Test positivity was .8 percent, below the 2 percent the Yellow Tier requires.
Until the numbers are reviewed next Tuesday, gyms, saunas, dance and yoga studios, wineries, breweries and bowling alleys must operate at 25 percent capacity.
Live-audience events staged outdoors are capped at 33 percent capacity.
The Brookdale Lodge has already restarted live music outdoors and the Scotts Valley Chamber has announced the Art & Wine Festival will return Aug. 22-23. The Aptos Chamber of Commerce won’t organize the 4th of July parade or the party at Aptos Village Park this year, but Cabrillo Stage plans outdoor musicals in June and July.
Overnight summer camps can begin June 1.
A new weekday program, “Camp Scotts Valley” for kids 6-18, will debut June 14 through Aug. 6 at the Scotts Valley Community Center in Skypark, operated by the Boys & Girls Clubs of Santa Cruz County. Registration begins May 10 at https:// boysandgirlsclub.info.
To help food businesses struggling with shutdowns and capacity limits, $28.6 billion was allocated by Congress and approved by President Joe Biden — and the first-come, first-served window opens with the U.S. Small Business Administration taking applications online at 9 a.m. May 3.
This can provide restaurants with funding equal to their pandemic-related revenue loss up to $10 million per business but no more than $5 million per physical location. Funds must be used for allowable expenses by March 11, 2023.

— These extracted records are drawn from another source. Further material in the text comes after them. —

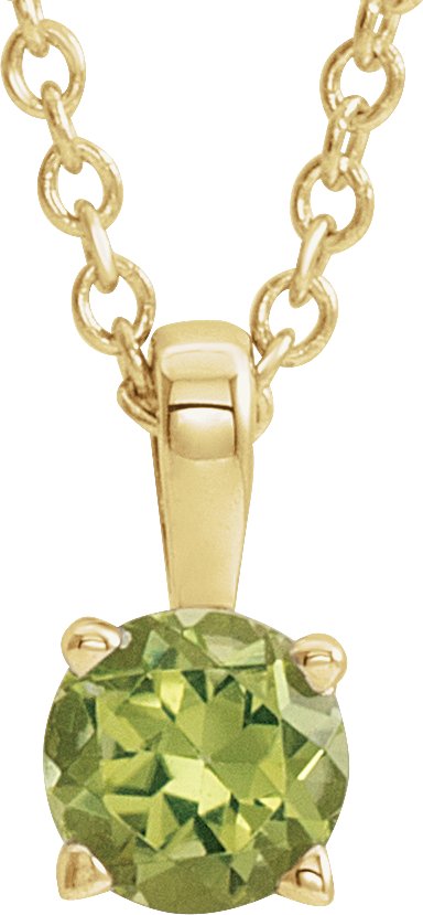 14K Yellow 5 mm Round Peridot Birthstone 16 18 inch Necklace
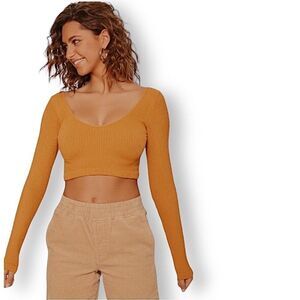 Forever 21 Golden Orange Long Sleeves Cropped Top
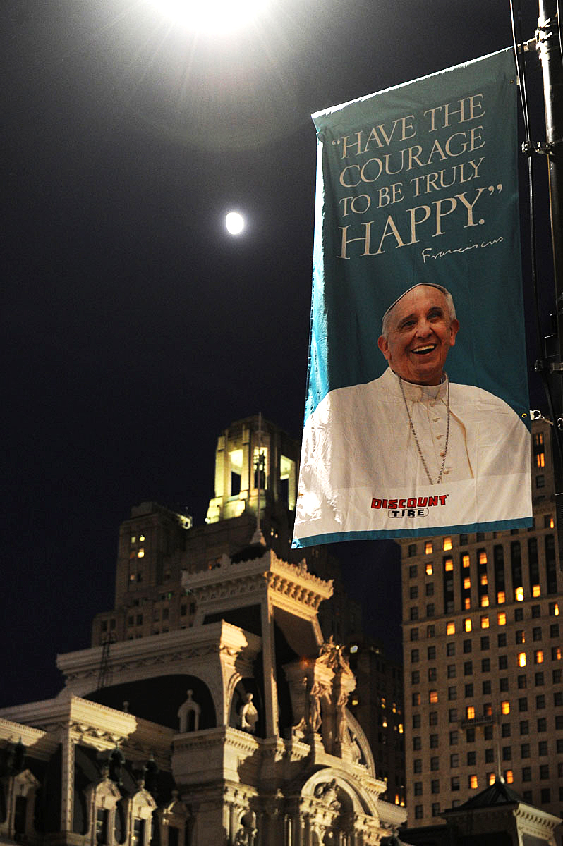 Heading to the subway, Dave caught the perfect summary photo: The moon, a street light, city hall, the PNB building, an inspirational banner of the Pope sponsored by Discount Tire. What more could you want?
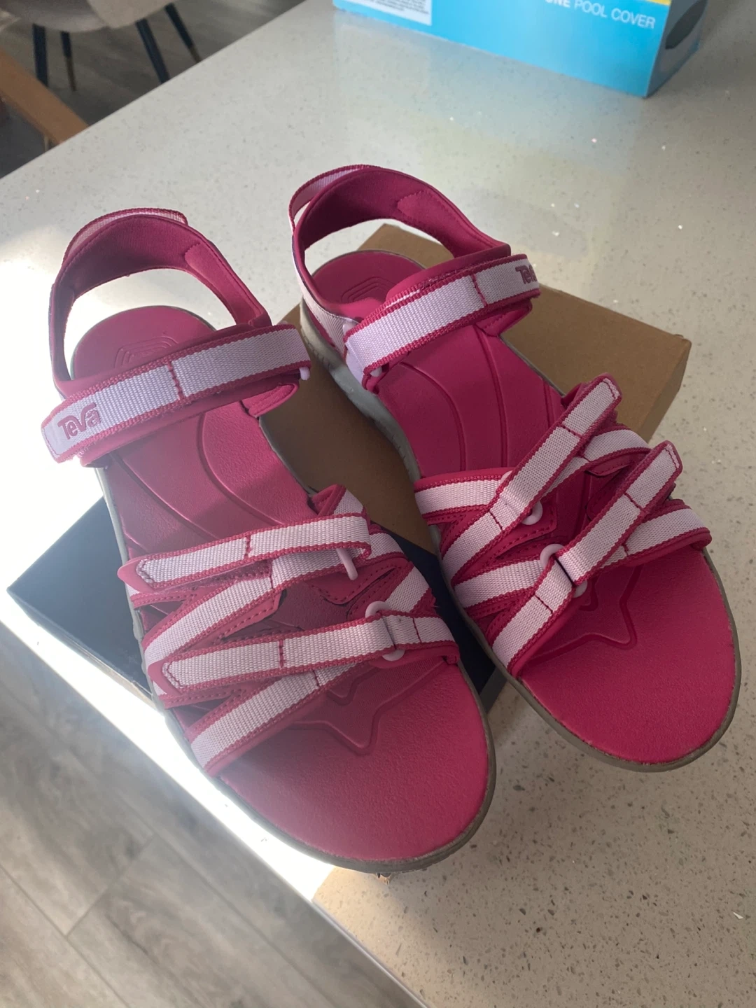 Teva kids' Y Tirra sandals in Orchid Bloom colour. Adjustable hook-and-loop closures for a secure fit. Durable rubber outsole for traction. Perfect for active outdoor play! Got it out of a Amazon return box size 7
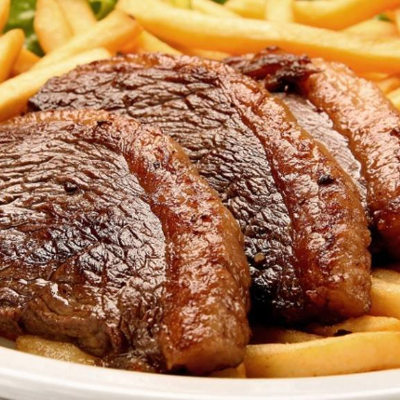ARROZ-FEIJAO-BIFE DE PICANHA SUCULENTA-VINAGRETE-BATATA FRITA -FAROFA
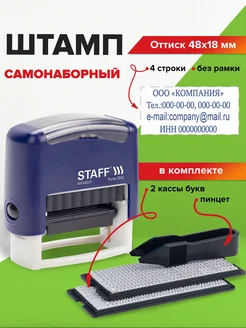 Печать самонаборная 4-стр штамп 48х18 мм, касса
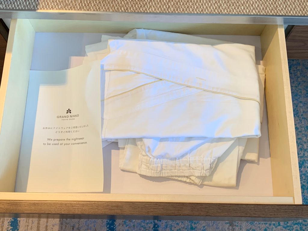 テレビ下の引き出しを開けるとセパレートとタイプのパジャマが入っています

Business owners should register in advance for the Restaurant Revitalization Fund at tinyurl.com/dine-vital-award/. The application window will remain open until the money is gone. (Full URL: restaurants.sba.gov/requests/ borrower/login/?next=/%3Futm_medium %3Demail%26utm_source%3Dgovdelivery)
Although new COVID cases are way down, the local economy hasn’t recovered due to regulatory restrictions — unemployment in March was 8.1 percent and more than 5,000 jobs in the hospitality sector had yet to return.
To help restaurants, the Scotts Valley City Council allowed outdoor restaurant dining through May 31 when indoor seating was prohibited.
“It’s been widely used, popular with patrons and have helped business expand their capacity,” said City Manager Tina Friend. “We consider it a big success.”
With May 31 approaching, the council is likely to discuss this month whether to extend the temporary program and make permanent, she said.
Kids In School
Aweek ago, Scotts Valley schools opened for full in-person instruction in the elementary grades — a huge change after the pandemic shuttered schools a year ago.
With 77 percent of parents wanting in-person instruction, up from 70 percent previously, the district hired one more teacher for Vine Hill Elementary to adhere to the state’s three-foot spacing requirement in classrooms. Brook Knoll School re-rostered students. Parent volunteers helped with outdoor supervision but more volunteers are needed.
“It certainly felt like a new start for all,” wrote Tanya Krause, superintendent of the Scotts Valley Unified School District, updating parents April 23.
Krause and her fellow superintendents sent an April 21 letter to parents, noting “a report published by the CDC found in-person instruction does not pose a major risk of COVID-19 to children as long as they continue to wear face coverings and maintain adequate physical distance between themselves and others.”